=== Section Start ===

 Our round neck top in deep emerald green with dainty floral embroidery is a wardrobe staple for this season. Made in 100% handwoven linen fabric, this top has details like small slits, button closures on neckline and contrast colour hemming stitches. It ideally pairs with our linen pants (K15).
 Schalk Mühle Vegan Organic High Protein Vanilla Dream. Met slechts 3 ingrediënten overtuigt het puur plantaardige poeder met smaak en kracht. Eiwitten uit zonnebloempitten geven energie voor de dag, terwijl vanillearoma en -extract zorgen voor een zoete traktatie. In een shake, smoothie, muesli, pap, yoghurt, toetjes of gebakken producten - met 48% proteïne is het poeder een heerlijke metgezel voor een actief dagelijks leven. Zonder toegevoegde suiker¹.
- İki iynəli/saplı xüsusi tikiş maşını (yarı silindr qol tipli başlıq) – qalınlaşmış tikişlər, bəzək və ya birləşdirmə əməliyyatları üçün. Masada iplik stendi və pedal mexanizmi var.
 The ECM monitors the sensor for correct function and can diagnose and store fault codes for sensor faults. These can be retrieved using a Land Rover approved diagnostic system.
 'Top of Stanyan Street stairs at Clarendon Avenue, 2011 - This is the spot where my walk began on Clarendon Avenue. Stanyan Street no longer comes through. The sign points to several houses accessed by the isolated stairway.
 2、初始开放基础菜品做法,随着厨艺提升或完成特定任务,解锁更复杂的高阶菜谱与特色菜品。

=== Section End ===
=== Section Start ===

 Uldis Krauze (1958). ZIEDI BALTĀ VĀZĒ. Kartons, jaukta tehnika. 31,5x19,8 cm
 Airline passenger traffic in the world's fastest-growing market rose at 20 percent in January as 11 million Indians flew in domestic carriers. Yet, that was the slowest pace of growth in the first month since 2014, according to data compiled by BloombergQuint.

=== Section End ===
=== Section Start ===

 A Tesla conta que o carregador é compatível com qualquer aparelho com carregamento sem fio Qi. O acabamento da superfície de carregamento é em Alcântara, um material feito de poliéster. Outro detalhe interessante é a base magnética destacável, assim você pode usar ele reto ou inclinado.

=== Section End ===

### ASSIGNED TASK
Please return only the lines above, starting at the line that has "- İki iynəli/saplı" and ending at the line that has "2、初始开放基础菜品做法,随", keeping both and leaving each one unchanged.

### ANSWER AREA
- İki iynəli/saplı xüsusi tikiş maşını (yarı silindr qol tipli başlıq) – qalınlaşmış tikişlər, bəzək və ya birləşdirmə əməliyyatları üçün. Masada iplik stendi və pedal mexanizmi var.
 The ECM monitors the sensor for correct function and can diagnose and store fault codes for sensor faults. These can be retrieved using a Land Rover approved diagnostic system.
 'Top of Stanyan Street stairs at Clarendon Avenue, 2011 - This is the spot where my walk began on Clarendon Avenue. Stanyan Street no longer comes through. The sign points to several houses accessed by the isolated stairway.
 2、初始开放基础菜品做法,随着厨艺提升或完成特定任务,解锁更复杂的高阶菜谱与特色菜品。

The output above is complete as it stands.